For one thing, these four were 10 times brighter than most other exploding stars, and they took a relatively long time (1½ months) to fade. But, most curiously, their spectra were strongly blue and showed no sign of hydrogen — a common elemental fingerprint in such blasts. Most curious, indeed!
Then Quimby realized that the oddball spectra matched up well with those of two other unusual supernova that had defied explanation: SN 2005ap, which he and others had spotted several years ago; and SCP 06F6, identified in 2006 with the Hubble Space Telescope. All six were quite distant — after a little redshift adjustment, Quimby realized that 2005ap was about 3 billion light-years away, SCP 06F6 was 8 billion light-years away, and the four PTF finds had exploded somewhere in between.
So the six appear to be alike, but how? "We have a whole new class of objects that can't be explained by any of the models we've seen before," Quimby admits in a Caltech press release. The brilliant blasts are quite hot (10,000 to 20,000 Kelvins) and are expanding outward at some 6,000 miles (10,000 km) per second.

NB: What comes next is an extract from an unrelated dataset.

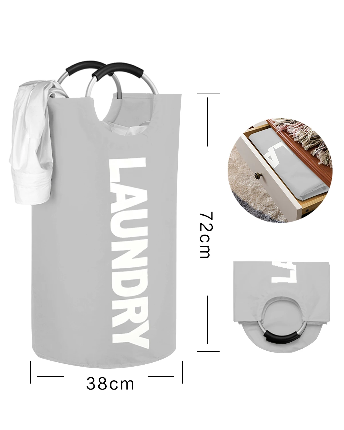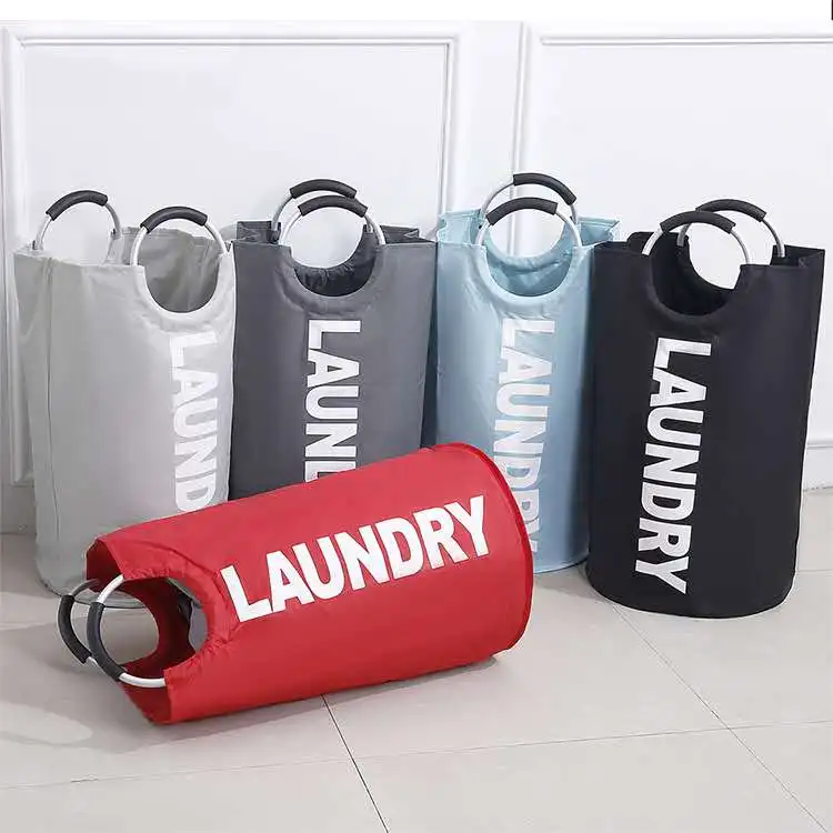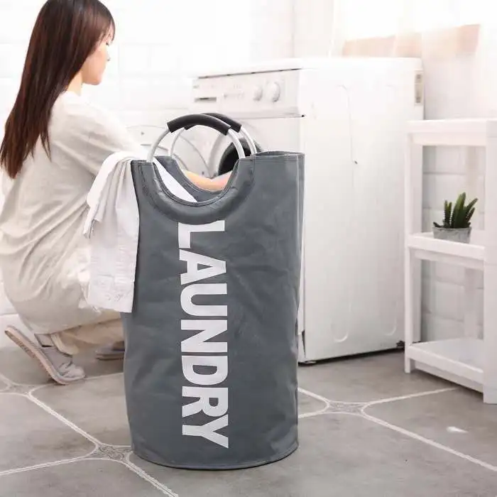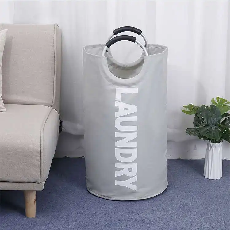 Eco Friendly Custom Round Shape Collapsible Folding Tote Laundry Basket Bag Clothes Storage Hamper with Drawstring

Beyond these few factual scraps, they're a mystery. "These supernovae are rare, very luminous, and probably not powered by radioactive elements in the way Type Ia and Type II are," comments Robert Kirshner, a supernova specialist at the Harvard-Smithsonian Center for Astrophysics.
One possible explanation is that behemoth stars, 90 to 130 Suns in mass, throw off hydrogen-free outer layers prior to self-destructing and heating up those shells. Another notion is that each supernova leaves behind a magnetar, a superdense, rapidly spinning, and strongly magnetized object. Interactions of the magnetar's rotating field with charged particles around it could create enough energy to heat up shells of matter blown into space by the supernova explosion.

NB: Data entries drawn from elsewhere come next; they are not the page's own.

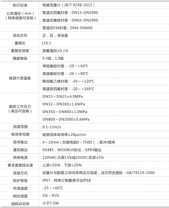 三、防腐型电磁流量计技术参数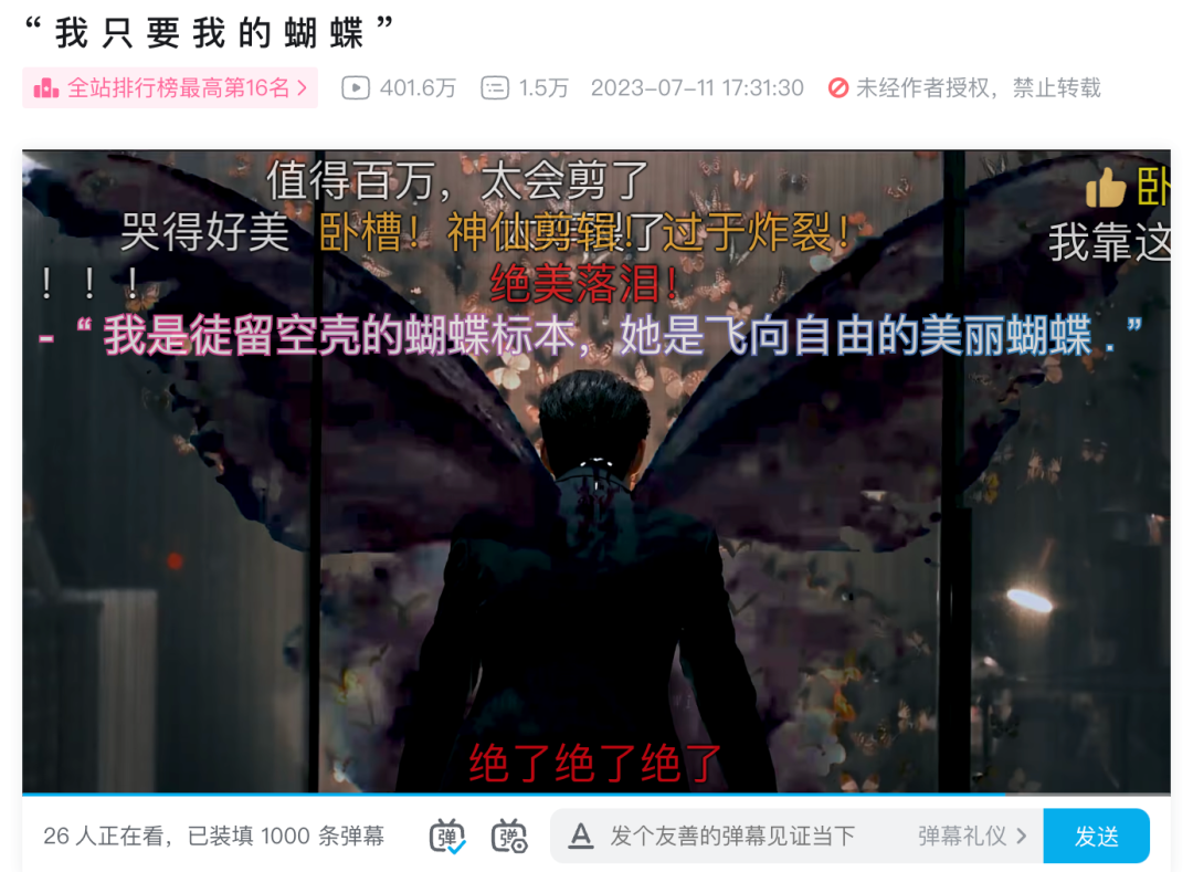 除此之外,主题性混剪也是当下二创的一大重要分支。主题性混剪往往由同一主题牵连,采用多部影视IP或视频内容进行混剪,对创作者的剪辑水平要求较高。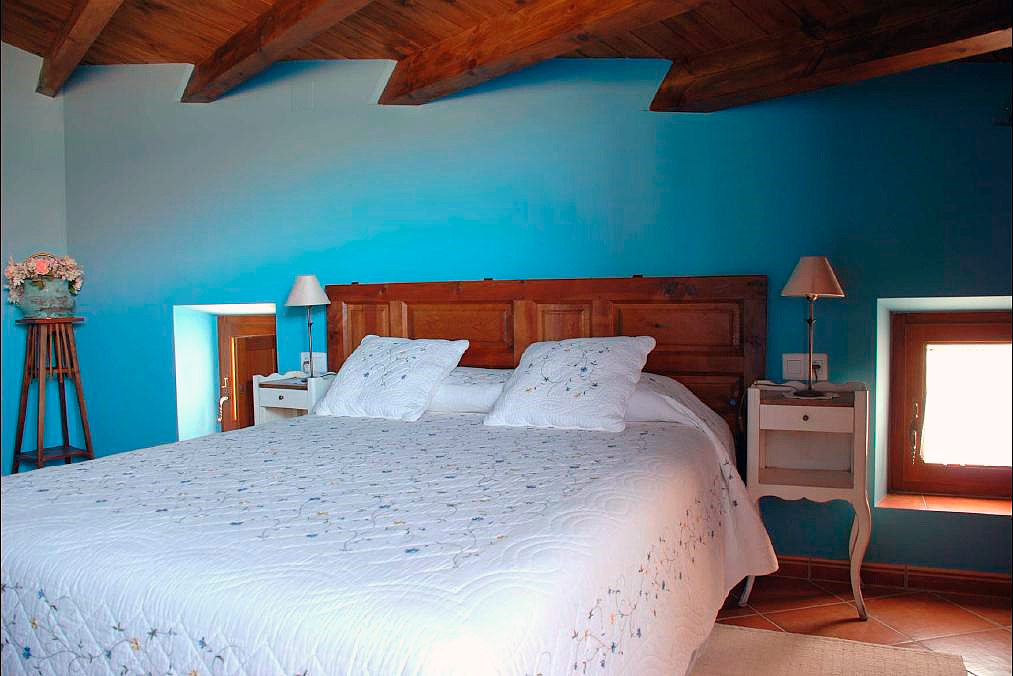 Habitación abuhardillada de color azul y cama de 1,50 m.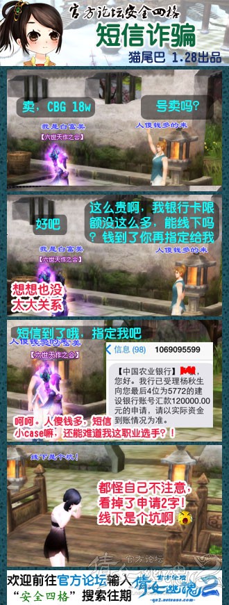 骗子很可恶!线下有风险。 损失总是自己的!问题发生之后再寻找GM,也不一定能保证毫无损失!近期出现不少被骗案例!请大家一定要谨慎!包括先把帐号给人家,然后被拆宝石等等…… 近期出现多个玩家被骗情况!特此强调,请千万不要线下交易!以上均为游戏真实案例! 他们会给你一条短信,或者一个银行转账的截图。稍微懂点的都知道,截图什么的。PS小菜一碟,分分钟能给你p个成千上万出来!千万要警惕! 以下是被骗的一些玩家提供的图片! 防骗TIPS 1、不要贪图小便宜,关于钱的都请认真对待:银行卡没有到钱,所有银行信息等请一律不要相信; 2、藏宝阁是官方唯一认可的交易平台,为了最大限度保护买卖双方的利益,请通过藏宝阁进行完整的交易; 3、请不要把自己的帐号告诉别人!就算是要买你号的玩家!因为你的帐号一旦给别人,号上的东西极大可能被盗!宝石等可能被拆交易掉! 4、避免进行线下交易,且此类交易不受官方保护,官方无法保证受理和追回相应损失 更多倩女资讯,尽在叶子猪倩女幽魂。 [编辑:辰辰]

"The idea that these might be the formation of magnetars is pretty interesting," Kirshner notes. "My own guess is that this has more to do with the last stages of stellar evolution, when burps of gas outside the star get whacked by the [supernova's] expanding shell."
In any case, he concludes, "Quimby should get a lot of credit for recognizing that he had something odd, and puzzling out what it might be." Quimby and his collaborators published their observations in the June 8th online edition of Nature.
Comments
Justin
June 16, 2011 at 12:45 pm
I note that the bright object to the right of the "supernova" in the left hand image seems to move. Does anyone know what that object is?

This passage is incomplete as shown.